_TASK REQUIREMENTS_.
All lines below between the line with "シリコン TPU 雨洗い緑" and the line with "in argento di", including both, must be copied exactly, and the pictures must be omitted.

_RECORDS FOR THE EXERCISE_.

----------

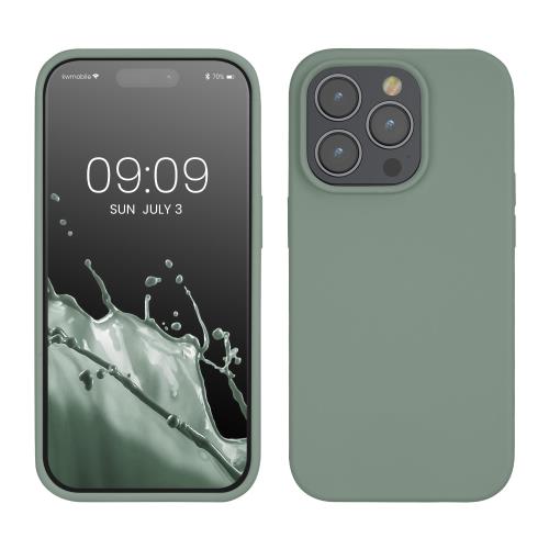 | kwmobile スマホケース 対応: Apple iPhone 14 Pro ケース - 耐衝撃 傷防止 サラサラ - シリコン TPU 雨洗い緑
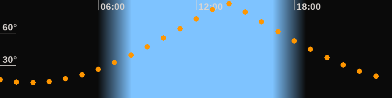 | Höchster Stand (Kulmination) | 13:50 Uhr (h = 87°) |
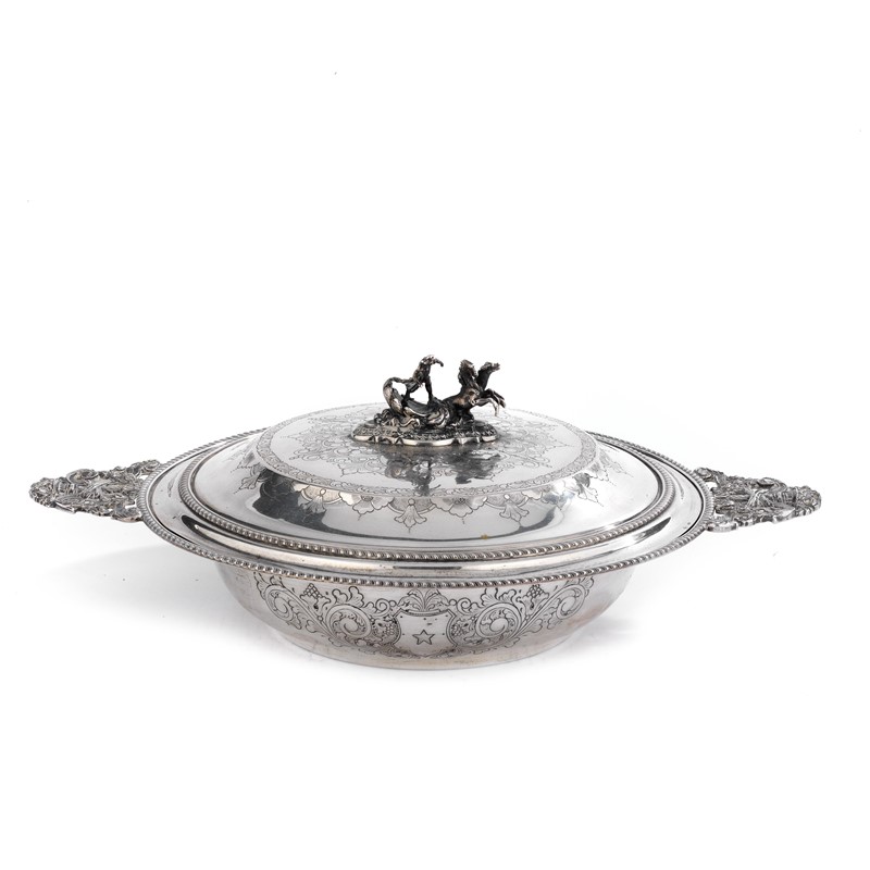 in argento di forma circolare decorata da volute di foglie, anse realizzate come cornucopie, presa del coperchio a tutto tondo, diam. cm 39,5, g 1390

----------

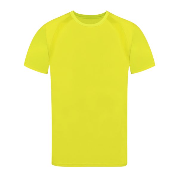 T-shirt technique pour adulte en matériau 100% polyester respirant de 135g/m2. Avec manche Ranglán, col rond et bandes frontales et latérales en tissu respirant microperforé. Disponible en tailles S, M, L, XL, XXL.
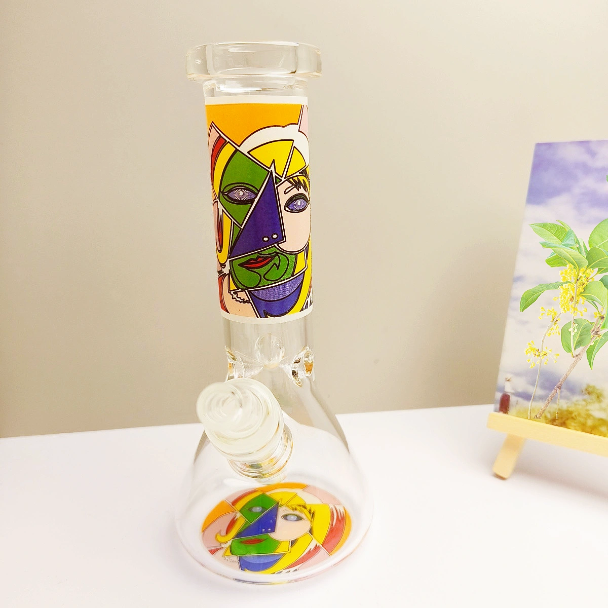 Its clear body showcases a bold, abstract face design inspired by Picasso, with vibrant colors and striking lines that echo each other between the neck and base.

----------

_SOLUTION TO THE EXERCISE_.
 | kwmobile スマホケース 対応: Apple iPhone 14 Pro ケース - 耐衝撃 傷防止 サラサラ - シリコン TPU 雨洗い緑
 | Höchster Stand (Kulmination) | 13:50 Uhr (h = 87°) |
 in argento di forma circolare decorata da volute di foglie, anse realizzate come cornucopie, presa del coperchio a tutto tondo, diam. cm 39,5, g 1390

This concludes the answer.